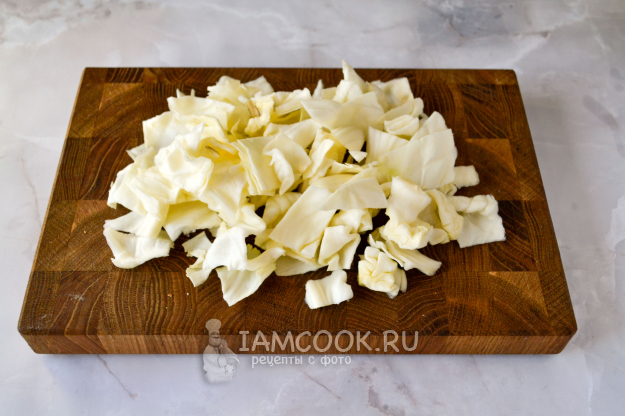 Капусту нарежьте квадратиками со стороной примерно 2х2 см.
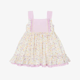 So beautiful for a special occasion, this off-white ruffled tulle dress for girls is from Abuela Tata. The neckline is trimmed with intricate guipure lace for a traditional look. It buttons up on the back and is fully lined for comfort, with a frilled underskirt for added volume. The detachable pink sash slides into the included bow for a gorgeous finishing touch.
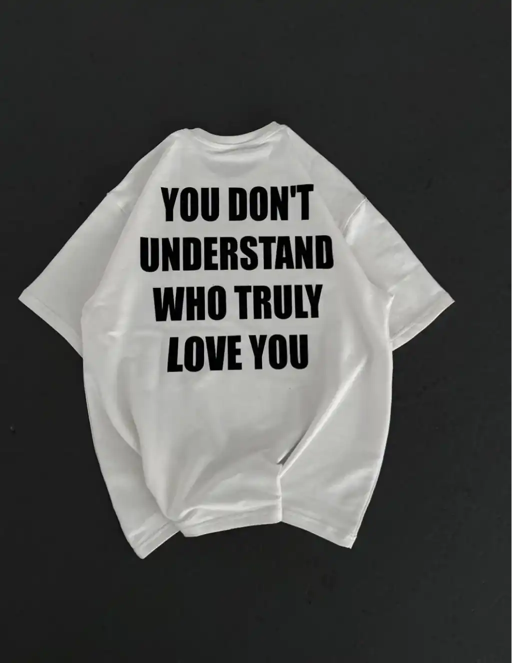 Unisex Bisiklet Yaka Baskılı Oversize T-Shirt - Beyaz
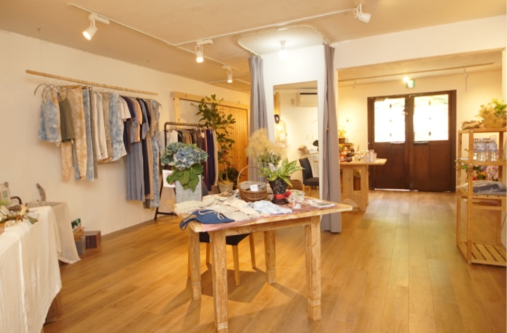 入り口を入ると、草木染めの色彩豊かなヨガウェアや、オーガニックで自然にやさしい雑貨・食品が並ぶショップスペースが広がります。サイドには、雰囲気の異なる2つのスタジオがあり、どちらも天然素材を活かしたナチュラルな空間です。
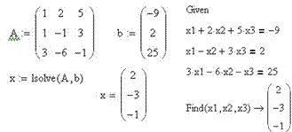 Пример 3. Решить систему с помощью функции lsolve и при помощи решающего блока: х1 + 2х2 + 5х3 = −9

....

What is needed »
Exact copies of the lines from the one containing "Unisex Bisiklet Yaka" through the final line of the data are required; pictures are to be omitted.

Result for this task »
 Unisex Bisiklet Yaka Baskılı Oversize T-Shirt - Beyaz
 入り口を入ると、草木染めの色彩豊かなヨガウェアや、オーガニックで自然にやさしい雑貨・食品が並ぶショップスペースが広がります。サイドには、雰囲気の異なる2つのスタジオがあり、どちらも天然素材を活かしたナチュラルな空間です。
 Пример 3. Решить систему с помощью функции lsolve и при помощи решающего блока: х1 + 2х2 + 5х3 = −9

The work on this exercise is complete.